• WHAT TO PRODUCE: Each entry has to be given again in its exact wording, and no picture may appear in the result.

[Stored data]
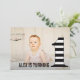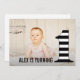 Um padrão de listras preto e branco moderno enfeita o gigante número 1 na frente deste convite fotográfico. Cada convite contém um envelope de tamanho de correspondência gratuito incluído no custo do barato.
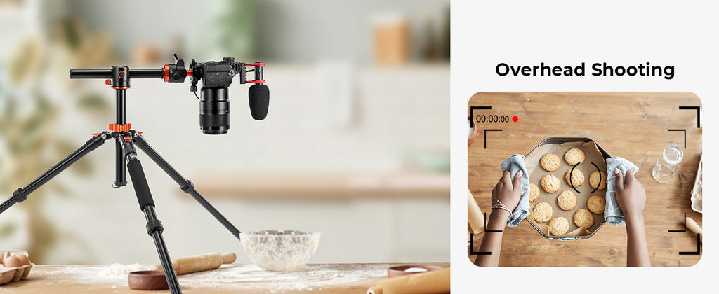 5 sections leg can adjust the height from 22'' to 67''; the N. weight with ball head is only 3.93lbs; can be 180°reflexed, which is super portable with tripod carrying bag.
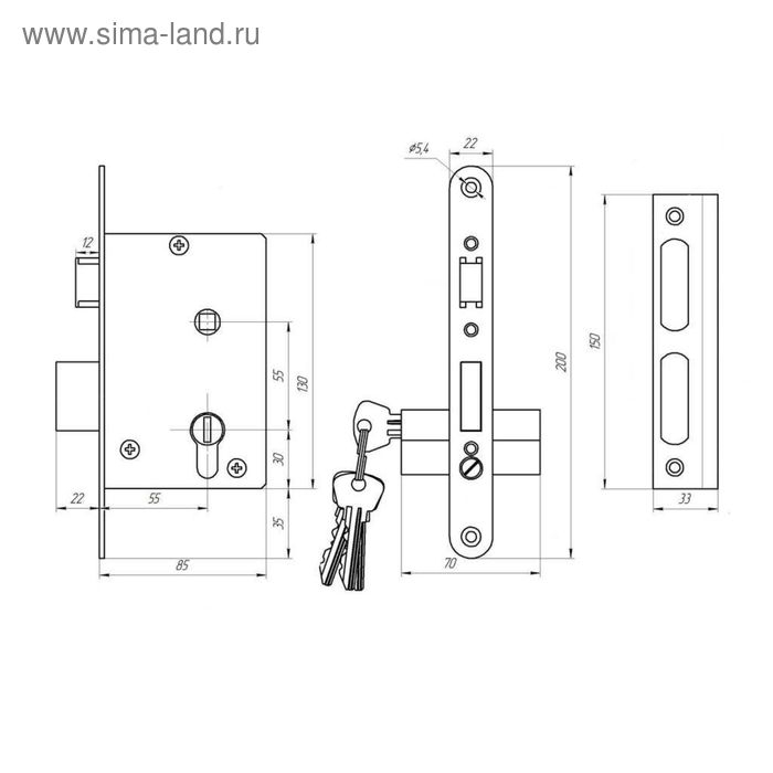 Замок врезной Зенит "Димитровград" ЗВ4-3.08, с ручкой
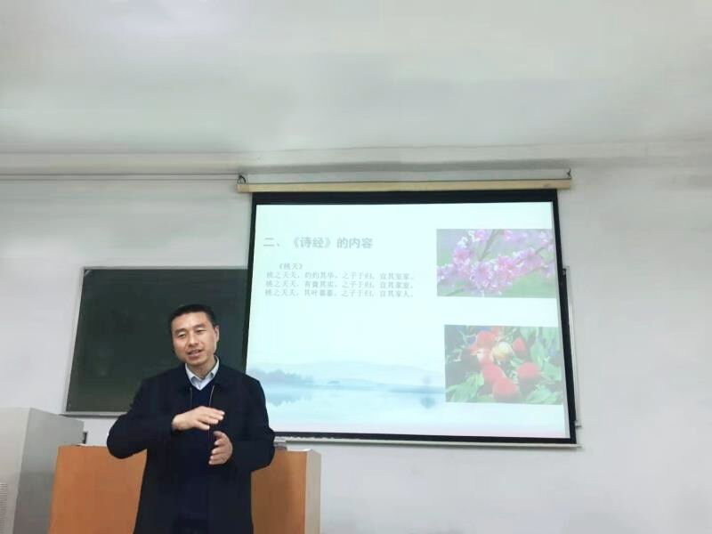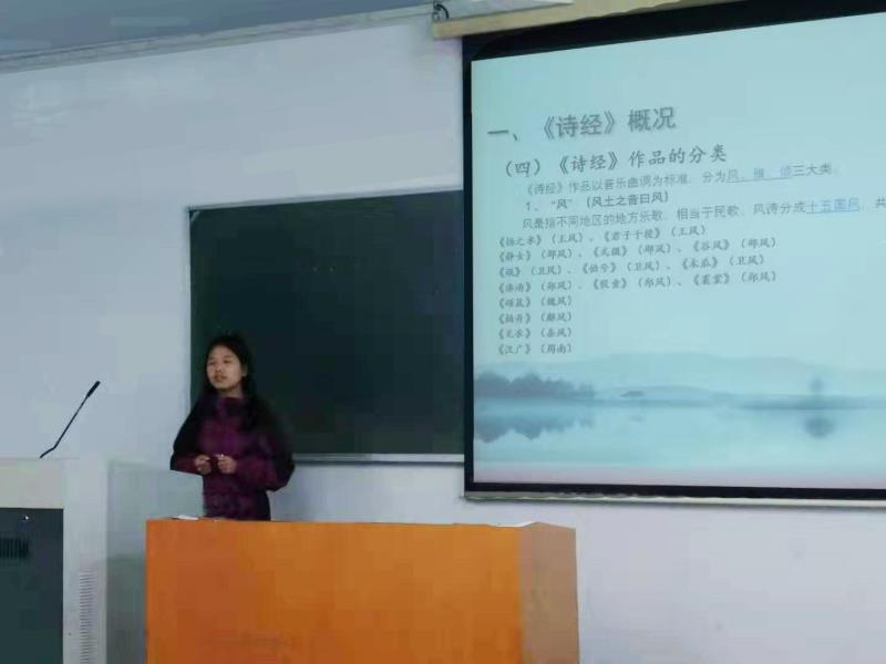 随后,徐旭敏老师主讲了汪曾祺的短篇小说《金大力》,在分析文本的基础上得出金大力当上瓦匠头儿的种种看似矛盾而又合理的原因,从而体现出汪曾祺对美好人性的呼唤,对“真”和“亲”的情感渴望。严胜英老师以《诗经》的“风、雅、颂”为主讲内容,通过对《卷耳》《女曰鸡鸣》《苕之华》《桃夭》等诗篇的赏析,明确国风之质朴、正乐之雅、颂为祭祀舞曲歌辞等知识点。
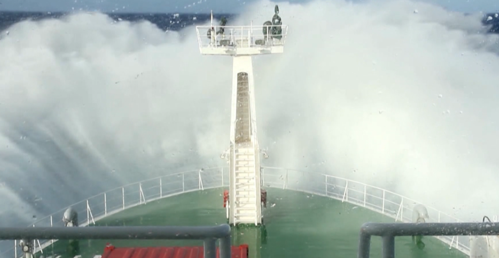 “科學(xué)”號在大風(fēng)浪中穩(wěn)定航行
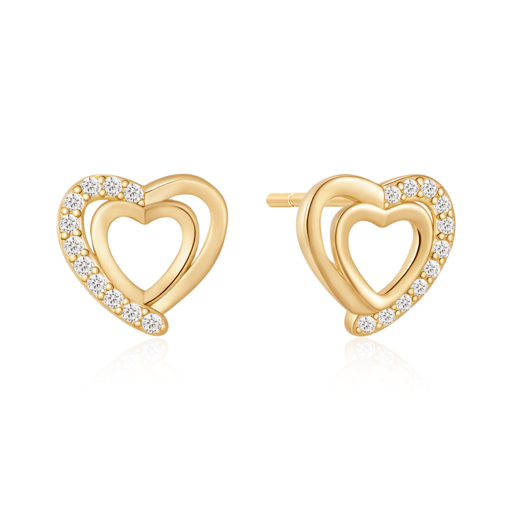 The Sølvforgyldt ørestikker from Støvring Design features an enchanting double heart design that creates a sophisticated silhouette. Each earring showcases carefully placed synthetic cubic zirconia stones along the outer edge, creating a delicate sparkle that catches the light beautifully, making it perfect for both intimate celebrations and grand occasions.
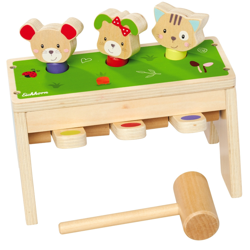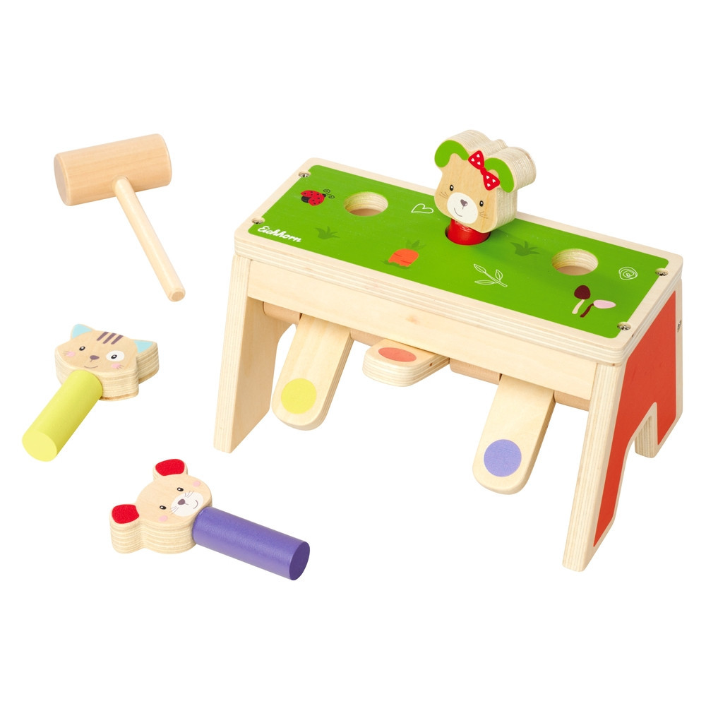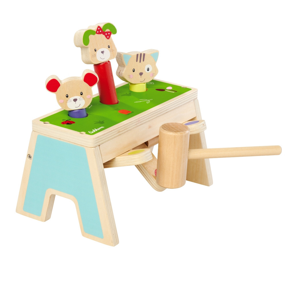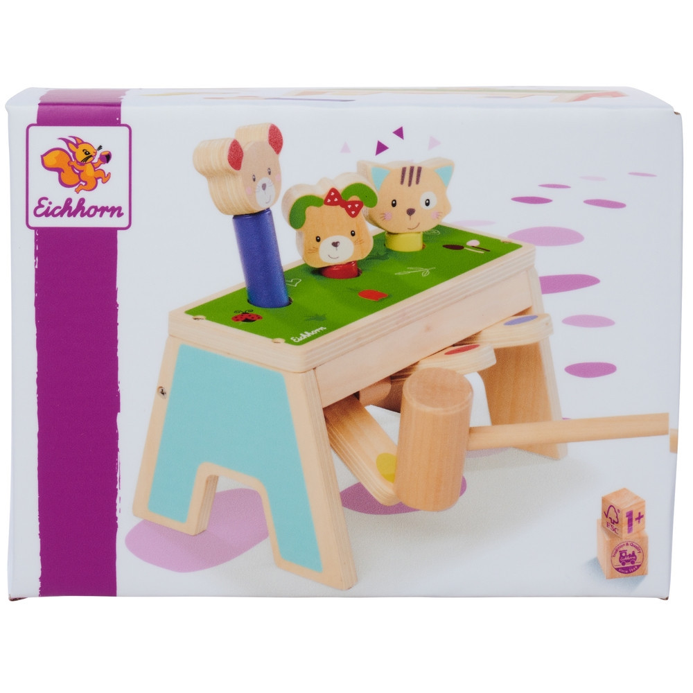 Az Eichhorn Friends fa kalapálós játék már 1 éves kortól vidám, mégis céltudatos elfoglaltságot ad: a gyermek a fa kalapáccsal leüti a színes, állatos figurákat, amelyek újra előbukkannak – így a játék folyamatos meglepetést és sikerélményt kínál.

• WRITTEN SOLUTION:
 Um padrão de listras preto e branco moderno enfeita o gigante número 1 na frente deste convite fotográfico. Cada convite contém um envelope de tamanho de correspondência gratuito incluído no custo do barato.
 5 sections leg can adjust the height from 22'' to 67''; the N. weight with ball head is only 3.93lbs; can be 180°reflexed, which is super portable with tripod carrying bag.
 Замок врезной Зенит "Димитровград" ЗВ4-3.08, с ручкой
 随后,徐旭敏老师主讲了汪曾祺的短篇小说《金大力》,在分析文本的基础上得出金大力当上瓦匠头儿的种种看似矛盾而又合理的原因,从而体现出汪曾祺对美好人性的呼唤,对“真”和“亲”的情感渴望。严胜英老师以《诗经》的“风、雅、颂”为主讲内容,通过对《卷耳》《女曰鸡鸣》《苕之华》《桃夭》等诗篇的赏析,明确国风之质朴、正乐之雅、颂为祭祀舞曲歌辞等知识点。
 “科學(xué)”號在大風(fēng)浪中穩(wěn)定航行
 The Sølvforgyldt ørestikker from Støvring Design features an enchanting double heart design that creates a sophisticated silhouette. Each earring showcases carefully placed synthetic cubic zirconia stones along the outer edge, creating a delicate sparkle that catches the light beautifully, making it perfect for both intimate celebrations and grand occasions.
 Az Eichhorn Friends fa kalapálós játék már 1 éves kortól vidám, mégis céltudatos elfoglaltságot ad: a gyermek a fa kalapáccsal leüti a színes, állatos figurákat, amelyek újra előbukkannak – így a játék folyamatos meglepetést és sikerélményt kínál.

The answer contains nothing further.